* Collected material:

/---

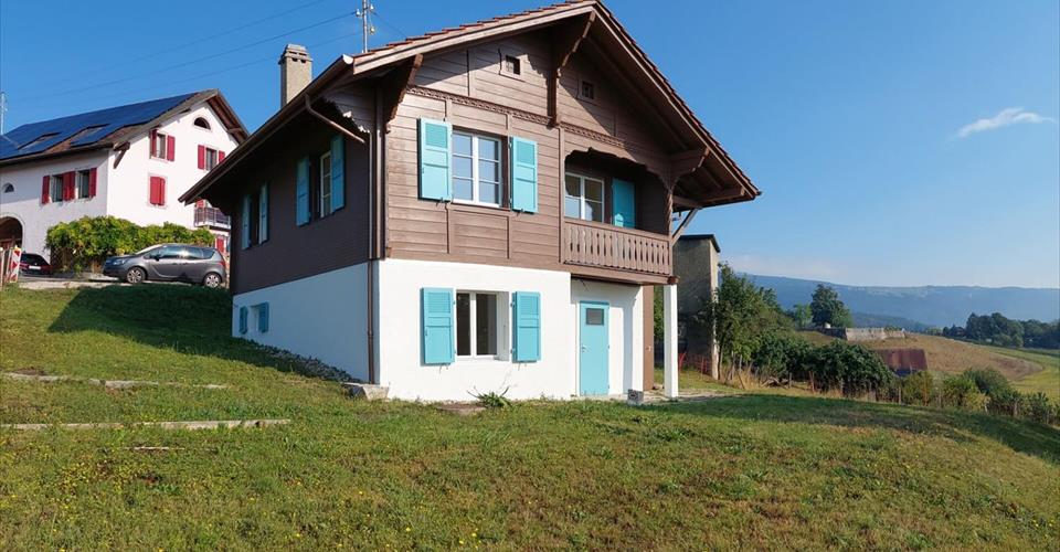 Rances villa-chalet Pour les amoureux de la nature sur une belle parcelle dominante de 1’934 m2 cadre idéal pour les enfants ou pour détenir des animaux domestiques ou petit animaux de ferme. Villa-chalet de 1944 rénovée en 2025 Rez supérieur: séjour avec cheminée et coin à manger, accès au balcon. Cuisine indépendante entièrement équipée. WC visiteurs. Rez inférieur : 2 chambres dont une avec accès sur la terrasse et le jardin. Une salle d’eau avec baignoire, wc, lavabo et colonne de lavage Galetas : espace de rangement accessible par un trappon. Extérieurs : 2 places de parc réduit 3.3 m2 Terrasse et grand jardin arboré, idéal pour les propriétaires d’animaux. A 6 MINUTES D’ORBE 15 MINUTES DYVERDON 1439 Rances se situe dans le district de Jura-Nord vaudois, dans le Canton de Vaud.
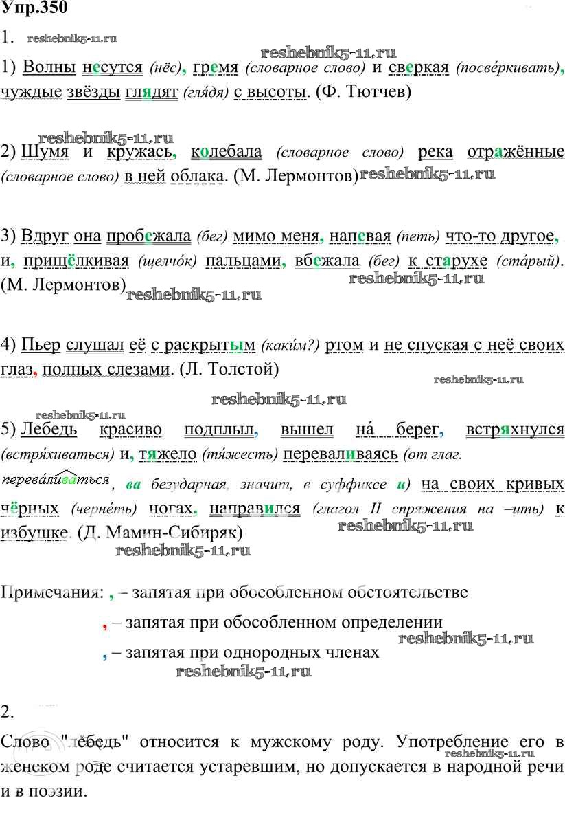 Готовая домашняя работа с ответами по Русскому языку за 8 класс Разумовская, Львова, Капинос, Львов Учебник Вертикаль Дрофа 2013 ФГОС - Упражнения 350
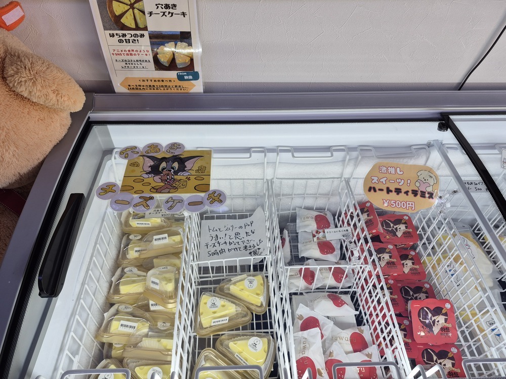 こちらのショーケースには、ハートティラミスと、なんと穴あきチーズケーキ!
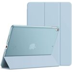 JETechの三つ折スタンドケースは、iPad Air 3(2019)とiPad Pro 10.5(2017)に対応。オートスリープ機能付きで、軽量&スタイリッシュなライトブルーが魅力。出張や旅行にも便利。

\---

* Problem requirements: In the answer, retype exactly and only the lines from the one holding "Готовая домашняя работа" through the end of the listing, keeping both ends and dropping every picture.

* Solution to this exercise:
 Готовая домашняя работа с ответами по Русскому языку за 8 класс Разумовская, Львова, Капинос, Львов Учебник Вертикаль Дрофа 2013 ФГОС - Упражнения 350
 こちらのショーケースには、ハートティラミスと、なんと穴あきチーズケーキ!
 JETechの三つ折スタンドケースは、iPad Air 3(2019)とiPad Pro 10.5(2017)に対応。オートスリープ機能付きで、軽量&スタイリッシュなライトブルーが魅力。出張や旅行にも便利。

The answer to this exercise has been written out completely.